- Exercise objective: Without including any images, please transcribe all the lines below exactly.

- Dataset excerpt:
⁂
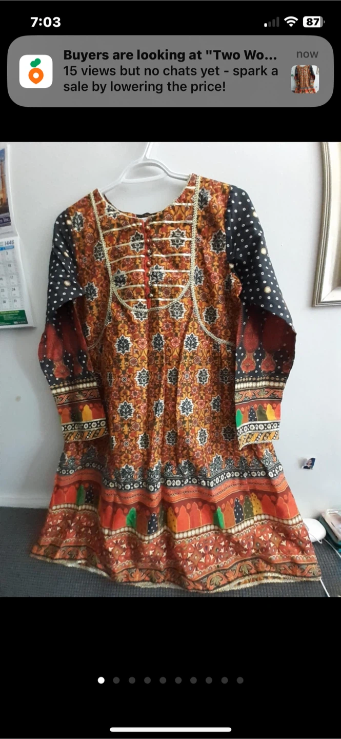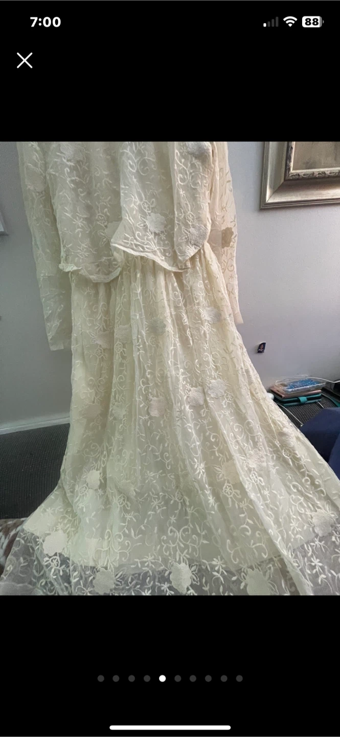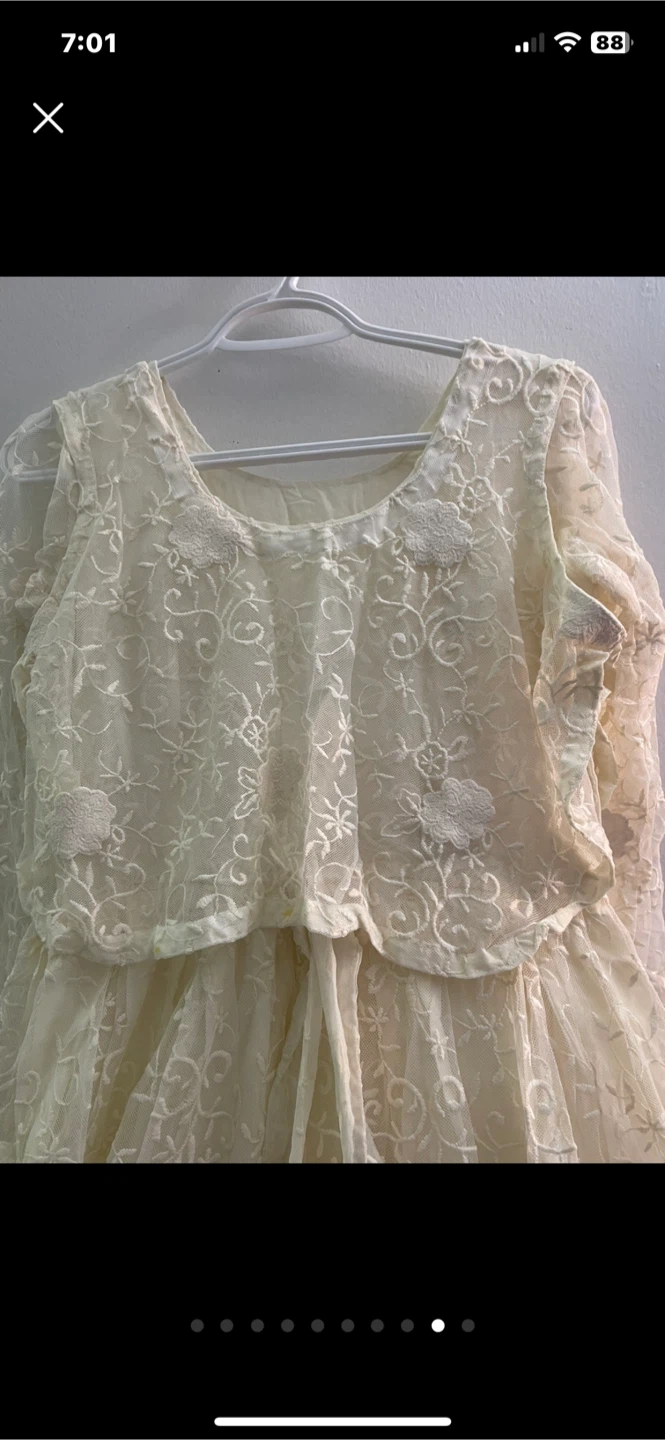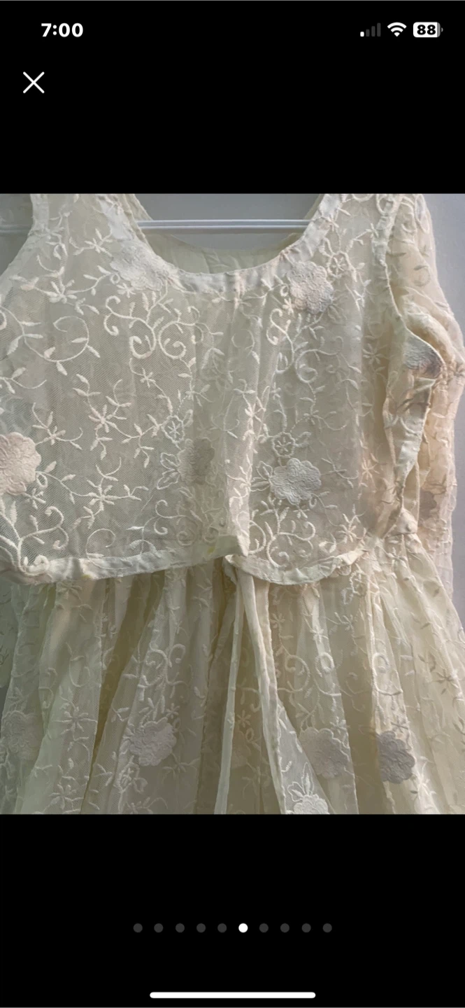 I have a couple of ladies' dresses for sale. One is a beautiful white lace dress, perfect for a special occasion. The other is a colourful floral dress, size 40, great for adding a pop of colour to your wardrobe 12 years print one brand new $30 . Off white one lace fully embroidery works with soft net fabric medium size 14/16 years old $35 pick up at Markham and Lawrence avenue east no drop off check out my other listings please.
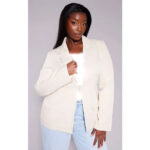 • کت کرمی سایز پلاس با برش‌ Tailored
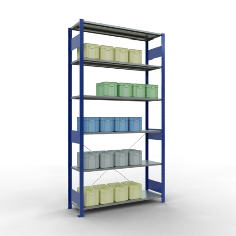 Schwerlastregal vom Markenhersteller SCHULTE Lagertechnik. Das Schwerlastregal vom Typ MULTIplus ist das wohl bekannteste Steckregal auf dem deutschen Markt und wird oftmals, in Lagern, an Produktionslinien, in Archiven, oder auch in privaten Haushalten verwendet. Das hier angebotene Schwerlastregal Grundregal mit der Artikelnummer 12741-130-B-M wird in 2500 mm Höhe, 1300 mm Breite und 400 mm Tiefe geliefert. Es ist mit 6 Fachebenen ausgestattet und kann je Ebene mit 150 kg belastet werden. Um die langfristige Nutzung zu gewährleisten sind die Bauteile in der Farbe RAL 5010 enzianblau/verzinkt. Das Schwerlastregal ist für die Einseitige Bedienung ausgelegt.
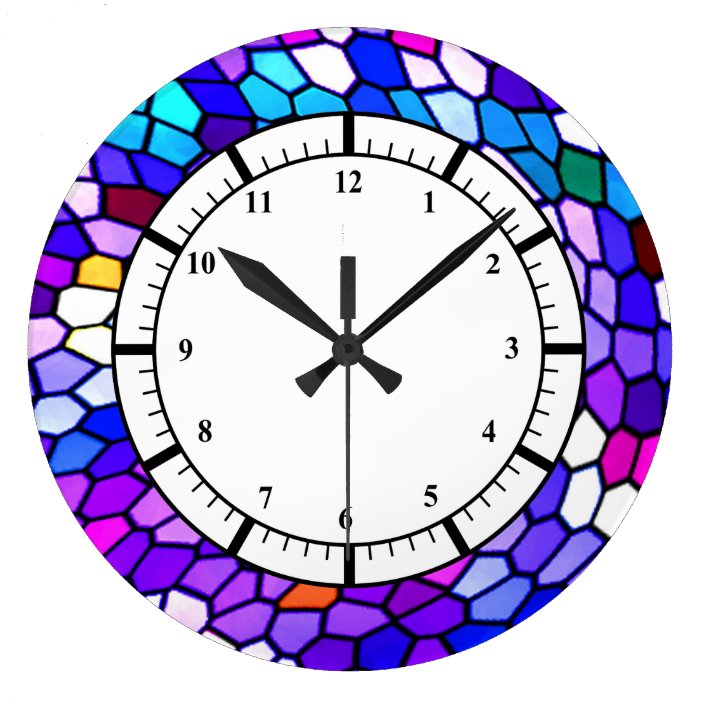 Purple Blue Pink Mosaic Tile Pattern Wall Clock Zazzle Com
⁂
- Exercise output:
 I have a couple of ladies' dresses for sale. One is a beautiful white lace dress, perfect for a special occasion. The other is a colourful floral dress, size 40, great for adding a pop of colour to your wardrobe 12 years print one brand new $30 . Off white one lace fully embroidery works with soft net fabric medium size 14/16 years old $35 pick up at Markham and Lawrence avenue east no drop off check out my other listings please.
 • کت کرمی سایز پلاس با برش‌ Tailored
 Schwerlastregal vom Markenhersteller SCHULTE Lagertechnik. Das Schwerlastregal vom Typ MULTIplus ist das wohl bekannteste Steckregal auf dem deutschen Markt und wird oftmals, in Lagern, an Produktionslinien, in Archiven, oder auch in privaten Haushalten verwendet. Das hier angebotene Schwerlastregal Grundregal mit der Artikelnummer 12741-130-B-M wird in 2500 mm Höhe, 1300 mm Breite und 400 mm Tiefe geliefert. Es ist mit 6 Fachebenen ausgestattet und kann je Ebene mit 150 kg belastet werden. Um die langfristige Nutzung zu gewährleisten sind die Bauteile in der Farbe RAL 5010 enzianblau/verzinkt. Das Schwerlastregal ist für die Einseitige Bedienung ausgelegt.
 Purple Blue Pink Mosaic Tile Pattern Wall Clock Zazzle Com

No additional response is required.